Ethandaniel47 / EdgarAllanPoeProject

Analysis of language pertaining to capture/enclosure and release in regards to the poetry and prose of Edgar Allan Poe
1 stars 0 forks source link

Schema comments #8

Open djbpitt opened 5 years ago

djbpitt commented 5 years ago

@Guifindor Your schema looks good! Where you have different elements for the different parts of speech, though, it looks as if they all have the same content model, that is, they all have @pvalue attributes and plain text content. Your creation of different elements for each part of speech is perfectly okay, but one alternative might be something like:

lb = element lb { mixed { ( word | foreign | ref )* } }
word = element word { pos, pvalue, text}
pos = attribute pos { "noun" | " verb" | "adj" |  "adv"  |  "prep" |  "conj" |  "inter" |  "pron" | "det" } 
pvalue = attribute pvalue {text} 

I think the meaning of this version is the same as the meaning of yours, so what can be represented isn’t at issue. The difference is that if you decide you want to add another attribute to all your words, the revision would let you do it in just one place, while in your version you would have to modify all of the individual element declarations.

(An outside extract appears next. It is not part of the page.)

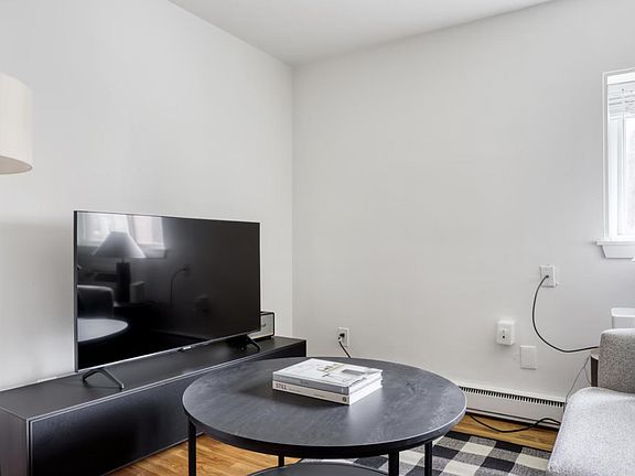 Sunny 2nd flr unit, 12X18, Large, hdwd flrs, recessed lighting, modern K&B, some pets OK with permission, off-street parking available $125/month, A/C, laundry in bldg. Cats ok, dogs negotiable, no aggressive breeds Just first and last month's rent to move in.

I’d also suggest calling your lines <l> or <line>. The reason is that <lb> traditionally means “line beginning”, and it is used for empty milestone elements. Since you have a container element (that is, separate start and end tags with content between them), those familiar with the traditional meaning of the element name <lb> may be confused.

MJB288 commented 5 years ago

Thanks for the heads up on the <lb> issue. I have adjusted our schema to now use the element <l> instead. As for your part of speech suggestion, I'll take it into consideration. I think we my be settled upon individual part of speech tags as our schema formation, but I'll bring up your idea at our meeting tomorrow.